● Directions for this task: What needs reproducing is the run of lines in the data below starting at the line with "夏物 ワイドパンツ 0921924716374468" and ending at the line with "入户便能感受到屋主干净利落的", both ends included. Copy it exactly, without pictures, and add nothing.

● Data provided:

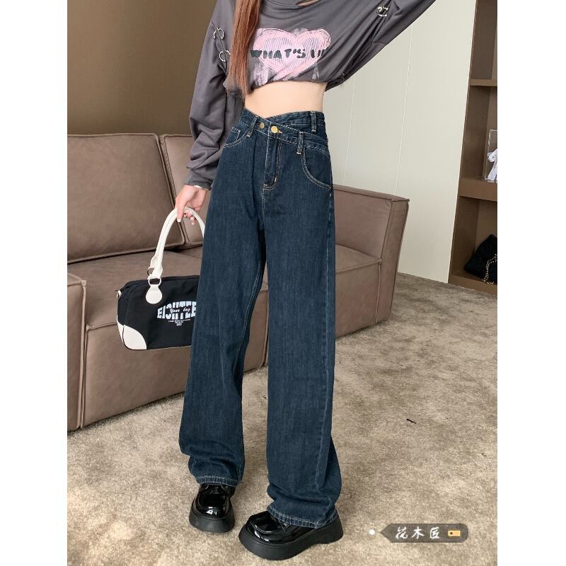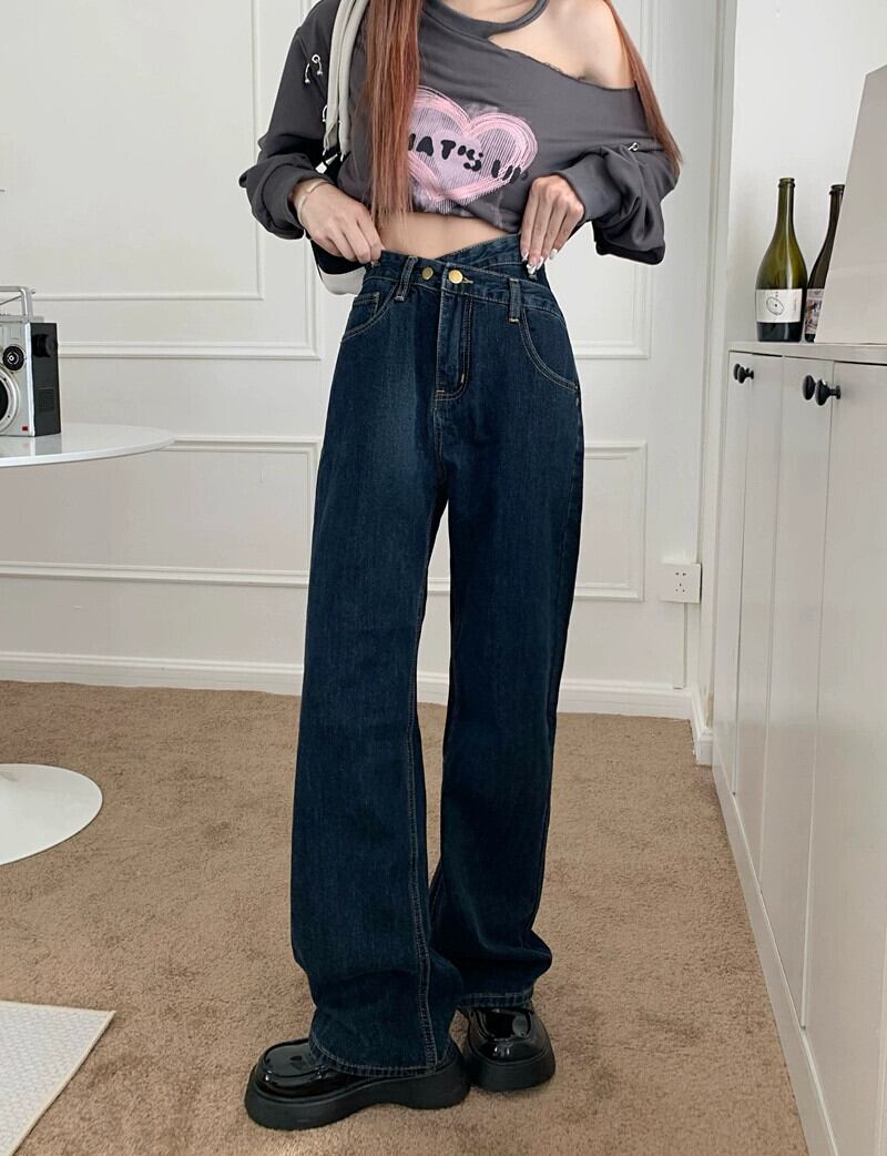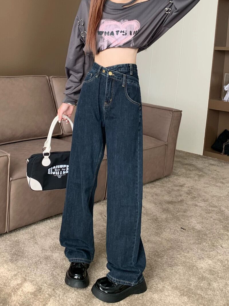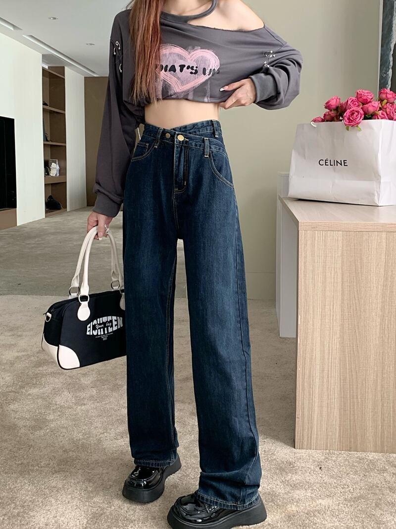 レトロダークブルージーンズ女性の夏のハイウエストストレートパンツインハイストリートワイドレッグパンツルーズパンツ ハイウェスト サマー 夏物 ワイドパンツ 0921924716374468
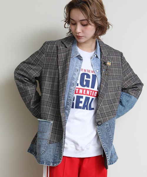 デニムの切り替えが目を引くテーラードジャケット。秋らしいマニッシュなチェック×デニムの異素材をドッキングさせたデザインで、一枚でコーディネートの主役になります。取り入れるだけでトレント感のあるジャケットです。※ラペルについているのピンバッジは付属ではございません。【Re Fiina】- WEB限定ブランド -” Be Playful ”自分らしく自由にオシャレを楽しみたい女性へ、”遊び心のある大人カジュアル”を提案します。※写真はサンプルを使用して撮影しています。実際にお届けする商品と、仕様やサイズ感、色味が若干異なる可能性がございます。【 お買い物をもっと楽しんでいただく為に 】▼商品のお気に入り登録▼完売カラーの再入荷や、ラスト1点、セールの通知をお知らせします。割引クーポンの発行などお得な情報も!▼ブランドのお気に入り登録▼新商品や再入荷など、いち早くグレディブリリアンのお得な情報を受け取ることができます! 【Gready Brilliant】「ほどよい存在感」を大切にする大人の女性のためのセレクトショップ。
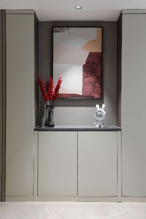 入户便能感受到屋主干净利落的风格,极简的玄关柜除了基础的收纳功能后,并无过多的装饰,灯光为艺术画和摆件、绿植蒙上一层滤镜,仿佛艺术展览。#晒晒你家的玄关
---
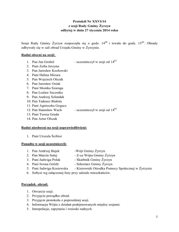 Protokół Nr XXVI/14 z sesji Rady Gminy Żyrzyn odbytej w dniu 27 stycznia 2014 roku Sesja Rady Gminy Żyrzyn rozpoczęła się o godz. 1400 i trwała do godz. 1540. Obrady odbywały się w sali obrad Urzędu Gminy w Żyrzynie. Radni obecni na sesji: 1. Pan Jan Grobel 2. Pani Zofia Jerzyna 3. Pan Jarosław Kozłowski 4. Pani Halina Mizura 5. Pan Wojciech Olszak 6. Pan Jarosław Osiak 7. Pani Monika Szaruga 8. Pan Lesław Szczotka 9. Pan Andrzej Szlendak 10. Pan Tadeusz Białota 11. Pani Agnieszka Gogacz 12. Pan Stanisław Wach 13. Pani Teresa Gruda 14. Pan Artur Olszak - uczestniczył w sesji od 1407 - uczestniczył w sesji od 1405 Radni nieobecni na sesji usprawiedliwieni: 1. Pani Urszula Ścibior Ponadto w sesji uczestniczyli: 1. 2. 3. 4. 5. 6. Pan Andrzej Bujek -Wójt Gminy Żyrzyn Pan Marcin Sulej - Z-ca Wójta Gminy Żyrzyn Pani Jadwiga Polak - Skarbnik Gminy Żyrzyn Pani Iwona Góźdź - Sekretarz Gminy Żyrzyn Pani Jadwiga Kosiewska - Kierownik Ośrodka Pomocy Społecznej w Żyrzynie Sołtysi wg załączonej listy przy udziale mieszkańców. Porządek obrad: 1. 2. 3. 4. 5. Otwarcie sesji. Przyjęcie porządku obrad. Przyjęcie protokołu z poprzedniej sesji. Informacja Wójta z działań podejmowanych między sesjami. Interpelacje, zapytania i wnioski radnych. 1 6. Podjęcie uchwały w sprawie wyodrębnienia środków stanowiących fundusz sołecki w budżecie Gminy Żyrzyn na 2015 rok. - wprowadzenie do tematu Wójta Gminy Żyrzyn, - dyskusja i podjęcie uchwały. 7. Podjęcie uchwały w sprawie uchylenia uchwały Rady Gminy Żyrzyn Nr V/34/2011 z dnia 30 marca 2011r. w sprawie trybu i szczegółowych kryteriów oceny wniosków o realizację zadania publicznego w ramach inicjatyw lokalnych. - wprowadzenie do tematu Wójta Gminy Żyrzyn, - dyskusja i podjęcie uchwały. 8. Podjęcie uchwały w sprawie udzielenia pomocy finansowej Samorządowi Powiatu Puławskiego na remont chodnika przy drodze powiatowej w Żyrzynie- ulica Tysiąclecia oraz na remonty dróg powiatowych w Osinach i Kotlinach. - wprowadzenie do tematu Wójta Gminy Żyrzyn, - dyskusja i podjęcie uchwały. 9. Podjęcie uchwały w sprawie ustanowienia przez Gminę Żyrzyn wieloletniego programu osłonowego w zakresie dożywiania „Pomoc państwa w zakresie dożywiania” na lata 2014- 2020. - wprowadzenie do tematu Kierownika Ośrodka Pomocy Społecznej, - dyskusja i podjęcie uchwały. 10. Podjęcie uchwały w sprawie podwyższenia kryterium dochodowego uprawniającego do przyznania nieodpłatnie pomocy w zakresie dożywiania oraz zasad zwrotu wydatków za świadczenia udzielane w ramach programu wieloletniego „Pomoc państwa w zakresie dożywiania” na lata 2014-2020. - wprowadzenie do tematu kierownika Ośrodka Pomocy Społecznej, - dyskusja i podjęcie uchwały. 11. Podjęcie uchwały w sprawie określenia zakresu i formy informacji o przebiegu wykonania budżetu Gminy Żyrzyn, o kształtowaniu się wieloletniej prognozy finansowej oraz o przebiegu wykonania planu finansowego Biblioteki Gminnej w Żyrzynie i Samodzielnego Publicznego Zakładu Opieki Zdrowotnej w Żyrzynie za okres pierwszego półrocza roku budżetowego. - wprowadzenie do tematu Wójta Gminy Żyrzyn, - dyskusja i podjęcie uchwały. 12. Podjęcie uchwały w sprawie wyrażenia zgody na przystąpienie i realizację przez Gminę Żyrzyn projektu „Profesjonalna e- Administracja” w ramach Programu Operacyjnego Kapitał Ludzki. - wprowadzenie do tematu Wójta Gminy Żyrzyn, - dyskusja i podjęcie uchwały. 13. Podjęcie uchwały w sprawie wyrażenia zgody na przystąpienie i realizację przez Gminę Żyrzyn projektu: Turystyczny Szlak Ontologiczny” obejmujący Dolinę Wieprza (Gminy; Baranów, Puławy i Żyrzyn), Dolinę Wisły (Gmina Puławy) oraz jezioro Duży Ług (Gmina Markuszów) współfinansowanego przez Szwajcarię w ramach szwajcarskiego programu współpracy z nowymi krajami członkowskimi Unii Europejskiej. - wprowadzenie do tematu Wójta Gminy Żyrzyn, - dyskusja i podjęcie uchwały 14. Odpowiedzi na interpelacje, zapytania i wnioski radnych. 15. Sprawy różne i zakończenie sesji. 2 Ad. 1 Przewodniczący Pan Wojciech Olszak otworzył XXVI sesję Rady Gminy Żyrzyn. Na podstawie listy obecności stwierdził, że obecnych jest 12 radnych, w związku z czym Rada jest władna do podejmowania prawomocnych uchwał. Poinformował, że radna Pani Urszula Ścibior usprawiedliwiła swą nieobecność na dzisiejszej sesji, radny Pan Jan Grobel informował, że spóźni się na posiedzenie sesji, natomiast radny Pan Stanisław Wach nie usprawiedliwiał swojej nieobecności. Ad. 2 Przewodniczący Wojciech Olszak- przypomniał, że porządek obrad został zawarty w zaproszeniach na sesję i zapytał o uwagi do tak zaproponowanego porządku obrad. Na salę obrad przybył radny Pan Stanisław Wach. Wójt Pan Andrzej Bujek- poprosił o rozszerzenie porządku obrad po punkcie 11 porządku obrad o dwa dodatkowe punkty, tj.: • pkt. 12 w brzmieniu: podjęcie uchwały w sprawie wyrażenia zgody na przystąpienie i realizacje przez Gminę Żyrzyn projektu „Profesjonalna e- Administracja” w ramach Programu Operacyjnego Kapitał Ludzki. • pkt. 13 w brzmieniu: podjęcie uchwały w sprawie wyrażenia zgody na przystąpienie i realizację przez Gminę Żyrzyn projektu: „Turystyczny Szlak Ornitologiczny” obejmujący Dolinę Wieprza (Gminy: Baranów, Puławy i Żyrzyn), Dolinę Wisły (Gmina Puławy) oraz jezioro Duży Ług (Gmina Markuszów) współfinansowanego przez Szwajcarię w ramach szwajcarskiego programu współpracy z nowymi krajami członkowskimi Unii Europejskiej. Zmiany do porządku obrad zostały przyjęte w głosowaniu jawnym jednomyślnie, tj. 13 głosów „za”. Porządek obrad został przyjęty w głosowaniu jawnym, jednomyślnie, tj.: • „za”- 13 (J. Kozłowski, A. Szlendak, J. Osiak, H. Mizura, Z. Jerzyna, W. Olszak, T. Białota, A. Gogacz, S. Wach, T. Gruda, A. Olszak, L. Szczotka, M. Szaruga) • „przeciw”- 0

● Exercise result:
 レトロダークブルージーンズ女性の夏のハイウエストストレートパンツインハイストリートワイドレッグパンツルーズパンツ ハイウェスト サマー 夏物 ワイドパンツ 0921924716374468
 デニムの切り替えが目を引くテーラードジャケット。秋らしいマニッシュなチェック×デニムの異素材をドッキングさせたデザインで、一枚でコーディネートの主役になります。取り入れるだけでトレント感のあるジャケットです。※ラペルについているのピンバッジは付属ではございません。【Re Fiina】- WEB限定ブランド -” Be Playful ”自分らしく自由にオシャレを楽しみたい女性へ、”遊び心のある大人カジュアル”を提案します。※写真はサンプルを使用して撮影しています。実際にお届けする商品と、仕様やサイズ感、色味が若干異なる可能性がございます。【 お買い物をもっと楽しんでいただく為に 】▼商品のお気に入り登録▼完売カラーの再入荷や、ラスト1点、セールの通知をお知らせします。割引クーポンの発行などお得な情報も!▼ブランドのお気に入り登録▼新商品や再入荷など、いち早くグレディブリリアンのお得な情報を受け取ることができます! 【Gready Brilliant】「ほどよい存在感」を大切にする大人の女性のためのセレクトショップ。
 入户便能感受到屋主干净利落的风格,极简的玄关柜除了基础的收纳功能后,并无过多的装饰,灯光为艺术画和摆件、绿植蒙上一层滤镜,仿佛艺术展览。#晒晒你家的玄关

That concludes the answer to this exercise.